### [Records for the task]
=== Section Start ===
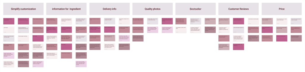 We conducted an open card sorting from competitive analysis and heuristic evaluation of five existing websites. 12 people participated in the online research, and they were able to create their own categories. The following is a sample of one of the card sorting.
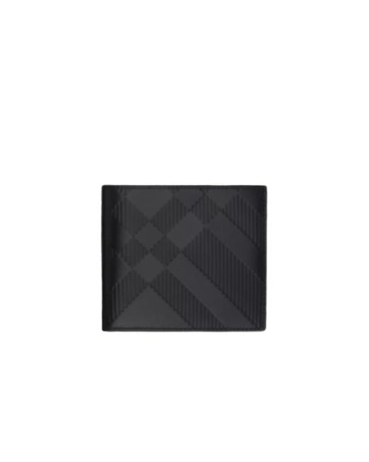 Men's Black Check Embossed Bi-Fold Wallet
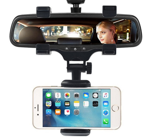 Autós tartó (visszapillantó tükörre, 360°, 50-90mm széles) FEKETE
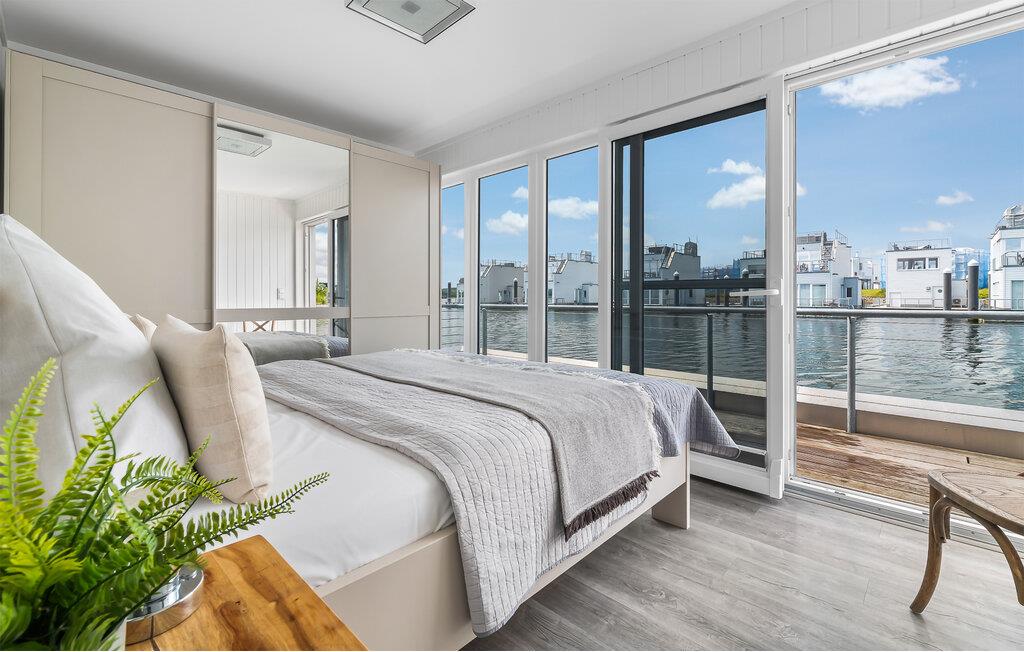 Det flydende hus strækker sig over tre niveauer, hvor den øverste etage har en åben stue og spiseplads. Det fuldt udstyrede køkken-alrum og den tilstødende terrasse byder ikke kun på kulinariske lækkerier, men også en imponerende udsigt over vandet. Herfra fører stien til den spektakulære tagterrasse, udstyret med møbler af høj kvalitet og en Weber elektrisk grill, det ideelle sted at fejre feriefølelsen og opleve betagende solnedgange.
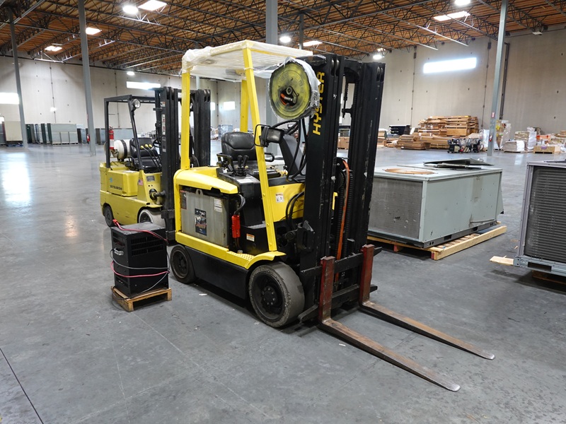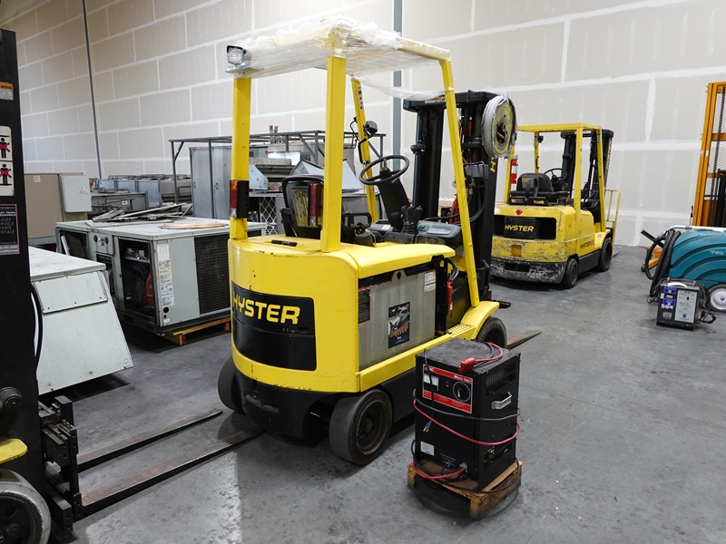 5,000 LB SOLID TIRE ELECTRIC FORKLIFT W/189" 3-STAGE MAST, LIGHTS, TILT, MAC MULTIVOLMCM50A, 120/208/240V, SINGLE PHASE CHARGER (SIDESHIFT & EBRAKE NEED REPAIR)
=== Section End ===
=== Section Start ===
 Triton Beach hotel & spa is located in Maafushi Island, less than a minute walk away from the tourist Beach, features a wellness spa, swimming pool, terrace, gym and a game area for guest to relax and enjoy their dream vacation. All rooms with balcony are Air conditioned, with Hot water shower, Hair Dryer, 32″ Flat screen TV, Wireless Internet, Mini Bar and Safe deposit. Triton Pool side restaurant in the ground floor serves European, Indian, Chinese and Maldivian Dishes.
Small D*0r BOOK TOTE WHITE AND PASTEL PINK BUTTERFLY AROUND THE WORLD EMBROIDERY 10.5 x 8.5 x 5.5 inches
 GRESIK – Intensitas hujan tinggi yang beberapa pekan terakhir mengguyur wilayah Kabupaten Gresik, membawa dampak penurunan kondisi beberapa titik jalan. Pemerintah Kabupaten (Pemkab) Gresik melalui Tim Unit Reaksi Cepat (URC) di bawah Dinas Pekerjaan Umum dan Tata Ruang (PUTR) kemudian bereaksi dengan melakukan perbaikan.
=== Section End ===
=== Section Start ===
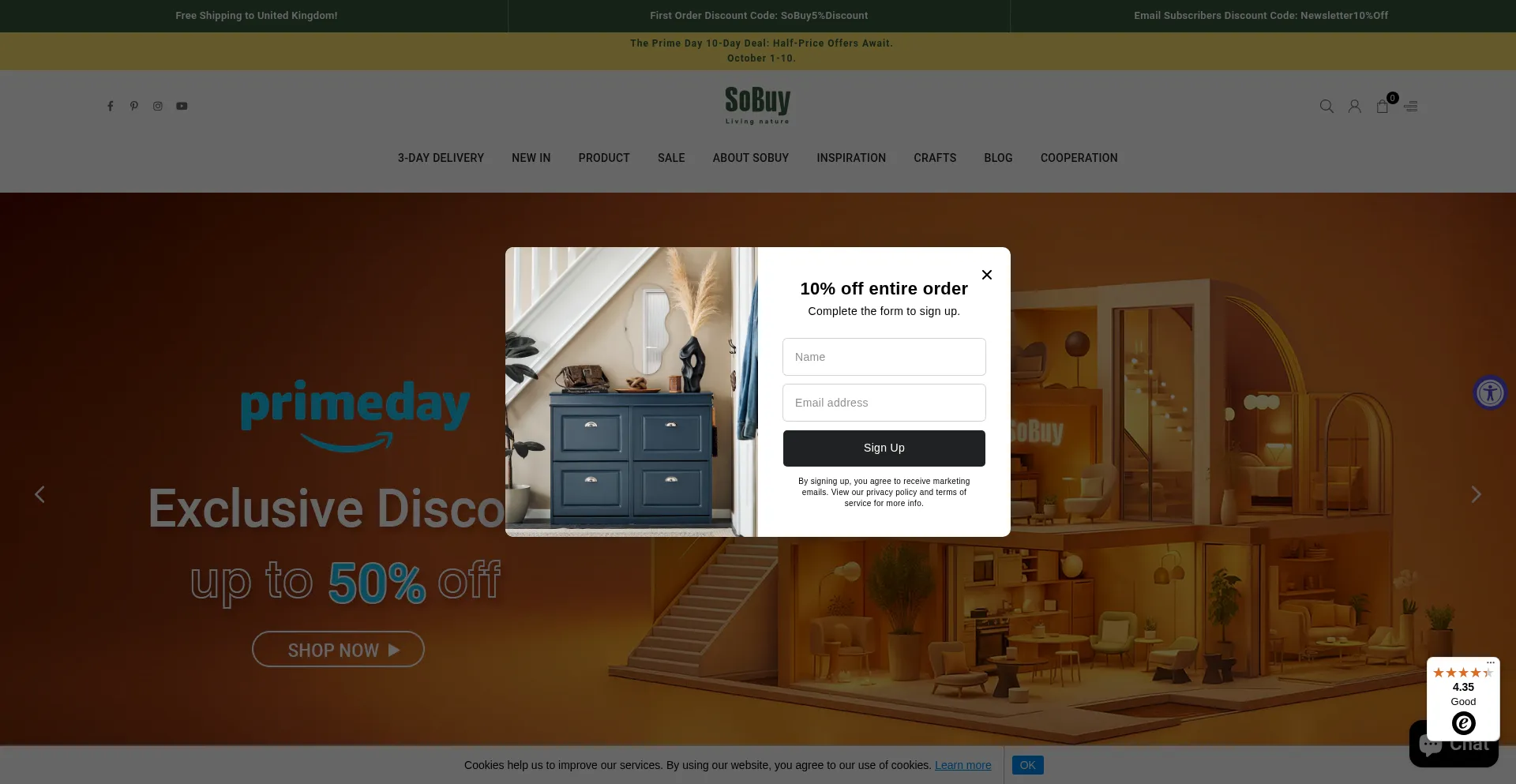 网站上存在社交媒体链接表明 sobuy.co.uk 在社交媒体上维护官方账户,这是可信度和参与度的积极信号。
=== Section End ===
### [What is being asked]
Starting at the line above that contains "Small D*0r BOOK", repeat each line exactly up to and including the line that contains "GRESIK – Intensitas", and stop there.

### [Task solution]
Small D*0r BOOK TOTE WHITE AND PASTEL PINK BUTTERFLY AROUND THE WORLD EMBROIDERY 10.5 x 8.5 x 5.5 inches
 GRESIK – Intensitas hujan tinggi yang beberapa pekan terakhir mengguyur wilayah Kabupaten Gresik, membawa dampak penurunan kondisi beberapa titik jalan. Pemerintah Kabupaten (Pemkab) Gresik melalui Tim Unit Reaksi Cepat (URC) di bawah Dinas Pekerjaan Umum dan Tata Ruang (PUTR) kemudian bereaksi dengan melakukan perbaikan.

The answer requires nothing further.